Jesus é envolvido pela asfixia. Os pulmões cheios de ar não podem mais se esvaziar. A fronte está impregnada de suor, os olhos saem fora de órbita. Mas o que acontece? Lentamente com um esforço sobre-humano, Jesus toma um ponto de apoio sobre o prego dos pés. Esforça-se a pequenos golpes, se eleva aliviando a tração dos braços. Os músculos do tórax se distendem. A respiração torna-se mais ampla e profunda, os pulmões se esvaziam e o rosto recupera a palidez inicial.

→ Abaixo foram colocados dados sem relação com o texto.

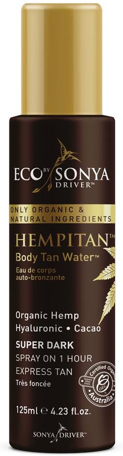 PRZEDSTAWIAMY CI certyfikowaną, organiczną wodę do opalania, dzięki której Twoja skóra będzie opalona cały rok. EFEKT JAKI uzyskasz to ciemna opalenizna, nawilżenie NASZ PRODUKT jest dla każdego rodzaju skóry STOSUJ Wstrząśnij przed użyciem. Nałóż obficie bezpośrednio na skórę i wcieraj za pomocą rąk lub naszej dwustronnej rękawicy - złota strona. Dokładnie umyj ręce po aplikacji. Aby uzyskać najlepsze rezultaty wykonaj peeling ciała co najmniej 24-48 godzin przed nałożeniem samoopalacza. Pozostaw HEMPITAN ™ na 1 godzinę przed zmyciem. Twoja opalenizna będzie się rozwijać do 24 godzin po zmyciu. Tylko do użytku zewnętrznego. Przed użyciem zalecamy test alergiczny. Unikaj kontaktu z oczami. W przypadku podrażnienia przerwij stosowanie. Przechowywać poniżej 30 ° c. TAK DLA DOBRYCH składników! ekstrakt z nasion konopi, kakao, kwas hialuronowy NIE DLA! parabenów, slsów, sztucznych barwników i aromatów, silikonów, pochodnych ropy naftowej, syntetycznych wypełniaczy. CZY WIESZ, żeekstrakt z konopi ma silne właściwości łagodzące, koi podrażnienia i doskonale odżywia skórę. Nasz produkt jest produkowany w AUSTRALII WIĘCEJ O produkcie: Pierwsza organiczna opalająca woda do ciała - HEMPITAN ™ BODY TAN WATER ™ HEMPITAN ™ to certyfikowana organiczna woda do opalania ciała, która zapewnia długotrwałą ciemną opaleniznę. Zawiera ekstrakt z nasion konopi znany ze swoich fenomenalnych właściwości nawilżających skórę. Rewolucyjny organiczny HEMPITAN Body Tan Water ™ jest wykonany wyłącznie z ekologicznych i naturalnych składników w łatwej do zastosowania formule. Fantastyczna mieszanka organicznej konopi i kwasu hialuronowego pielęgnuje skórę, jednocześnie zapewniając najbardziej trwałą opaleniznę. Porzuć chemikalia i syntetyczne składniki! Niekomodogenny - nie zatyka porów. Zapewnia długotrwały kolor. Wysycha natychmiast i pachnie niesamowicie! Twoja trwała opalenizna w wygodnym sprayu! Ekstrakt z nasion konopi jest znany ze swoich łagodzących właściwości. Koi podrażnienia skóry i utrzymuje jej naturalną wilgoć. Kakao pomaga ukoić, nawodnić i zrównoważyć skórę. Czysty kwas hialuronowy naturalnie zwiększa wilgotność, jędrność skóry.

Por que este esforço? Porque Jesus quer falar: "Jesus, porém, dizia: Pai, perdoa-lhes; porque não sabem o que fazem. Então repartiram as vestes dele, deitando sortes sobre elas". (Lucas 23:34). Logo em seguida o corpo começa afrouxar-se de novo, e a asfixia recomeça. Foram transmitidas sete frases pronunciadas por ele na cruz: cada vez que quer falar, deverá elevar-se tendo como apoio o prego dos pés. Inimaginável! Atraídas pelo sangue que ainda escorre e pelo coagulado, enxames de moscas zunem ao redor do seu corpo, mas ele não pode enxotá-las. Pouco depois o céu escurece, o sol se esconde: de repente a temperatura diminui. Logo serão três da tarde, depois de uma tortura que dura três horas. (Lucas 23:44; Mateus 27:45; Marcos 15:33). Todas as suas dores, a sede, as cãibras, a asfixia, o latejar dos nervos medianos arrancam-lhe um lamento: "E, à hora nona, bradou Jesus em alta voz: Eloí, Eloí, lamá, sabactani? que, traduzido, é: Deus meu, Deus meu, por que me desamparaste"? (Marcos 15:34; Mateus 27:46). Jesus grita: Tudo está consumado! "Jesus, clamando com grande voz, disse: Pai, nas tuas mãos entrego o meu espírito. E, havendo dito isso, expirou. (Lucas 23:46). Ele morre em meu lugar... E no seu.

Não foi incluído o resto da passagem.